Permissions an attacker needs

  • iam:CreatePolicyVersion

How the escalation works

  • The attacker identifies a customer-managed policy they (or a role they hold) are attached to.
  • They call CreatePolicyVersion with --set-as-default and a document granting Action "*" on Resource "*".
  • AWS activates the new version immediately. The attacker now has administrator access through the policy they were already attached to.

Example vulnerable policy

A policy like this grants the dangerous permission. Paste your own policy into the free AI-Powered IAM analyzer to see if you are exposed.

{
  "Version": "2012-10-17",
  "Statement": [
    {
      "Effect": "Allow",
      "Action": "iam:CreatePolicyVersion",
      "Resource": "*"
    }
  ]
}

Example exploitation

For illustration only — run against accounts you own or are authorized to test.

aws iam create-policy-version \
  --policy-arn arn:aws:iam::123456789012:policy/example \
  --policy-document '{"Version":"2012-10-17","Statement":[{"Effect":"Allow","Action":"*","Resource":"*"}]}' \
  --set-as-default

How to detect and prevent it

  • Never grant iam:CreatePolicyVersion on Resource "*". Scope it to specific, non-privileged policy ARNs only when genuinely required.
  • Apply a permissions boundary so newly created policy versions cannot exceed the boundary, even if the document says Action "*".
  • Alert on CreatePolicyVersion calls in CloudTrail, especially where SetAsDefault is true.

FAQ

Why is iam:CreatePolicyVersion dangerous?

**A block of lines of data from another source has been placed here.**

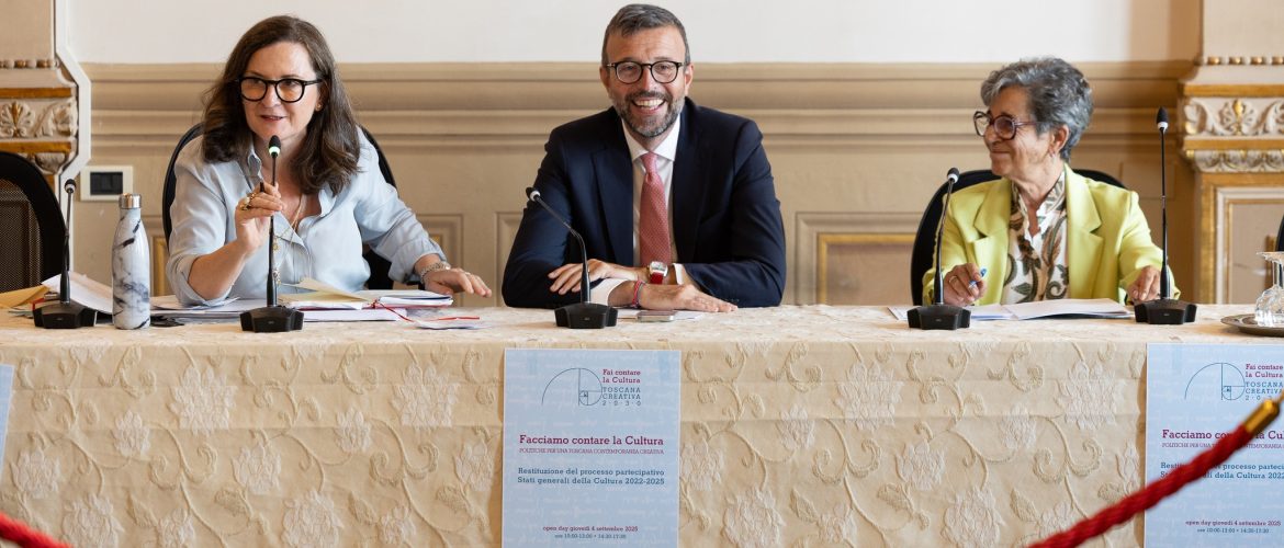 A Palazzo Bastogi, a Firenze, è in corso l’evento conclusivo degli Stati Generali della Cultura, promossi dalla V Commissione, dal Consiglio e dalla Giunta regionale, avviati nel luglio 2022. Un percorso partecipativo articolato che ha coinvolto centinaia di professionisti del settore, 24 audizioni in Commissione Cultura, 8 convegni pubblici, 7 proposte di legge di settore, un disegno di legge al Parlamento, nuovi bandi per l’editoria e progetti diffusi di promozione della lettura in tutti i territori
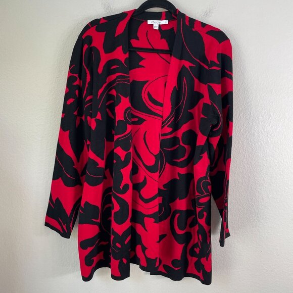 Chicos Womens Large Black Red Open Front Cardigan Jacket Floral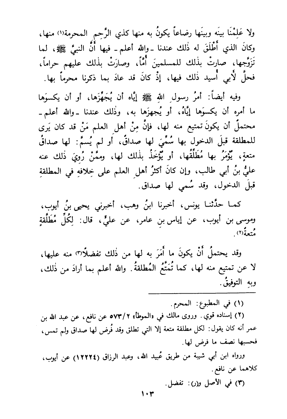 وَمِمَّنْ رُوِيَ ذَلِكَ عَنْهُ عَلِيُّ بْنُ أَبِي طَالِبٍ وَإِنْ كَانَ أَكْثَرُ أَهْلِ الْعِلْمِ عَلَى خِلَافِهِ فِي الْمُطَلَّقَةِ قَبْلَ الدُّخُولِ، وَقَدْ سُمِّيَ لَهَا صَدَاقٌ، كَمَا حَدَّثَنَا يُونُسُ أَخْبَرَنَا ابْنُ وَهْبٍ، أَخْبَرَنِي يَحْيَى بْنُ أَيُّوبَ، وَمُوسَى بْنُ أَيُّوبَ، عَنْ إيَاسِ بْنِ عَامِرٍ، عَنْ عَلِيٍّ قَالَ: " لِكُلِّ مُطَلَّقَةٍ مُتْعَةٌ " وَقَدْ يُحْتَمَلُ أَنْ يَكُونَ مَا أَمَرَ بِهِ لَهَا مِنْ ذَلِكَ تَفَضُّلًا مِنْهُ عَلَيْهَا لَا عَنْ تَمْتِيعٍ مِنْهُ لَهَا كَمَا تُمَتَّعُ الْمُطَلَّقَةُ، وَاللهُ أَعْلَمُ بِمَا أَرَادَ مِنْ ذَلِكَ، وَبِاللهِ التَّوْفِيقُ

It lets a principal rewrite the contents of a policy they are attached to and activate the change instantly, which is equivalent to granting themselves whatever permissions the new version contains — including full admin.

Does a permissions boundary stop it?

A permissions boundary on the attacker’s identity still caps their effective permissions, so the new admin policy is constrained by the boundary. This is the most reliable mitigation when the action cannot be removed entirely.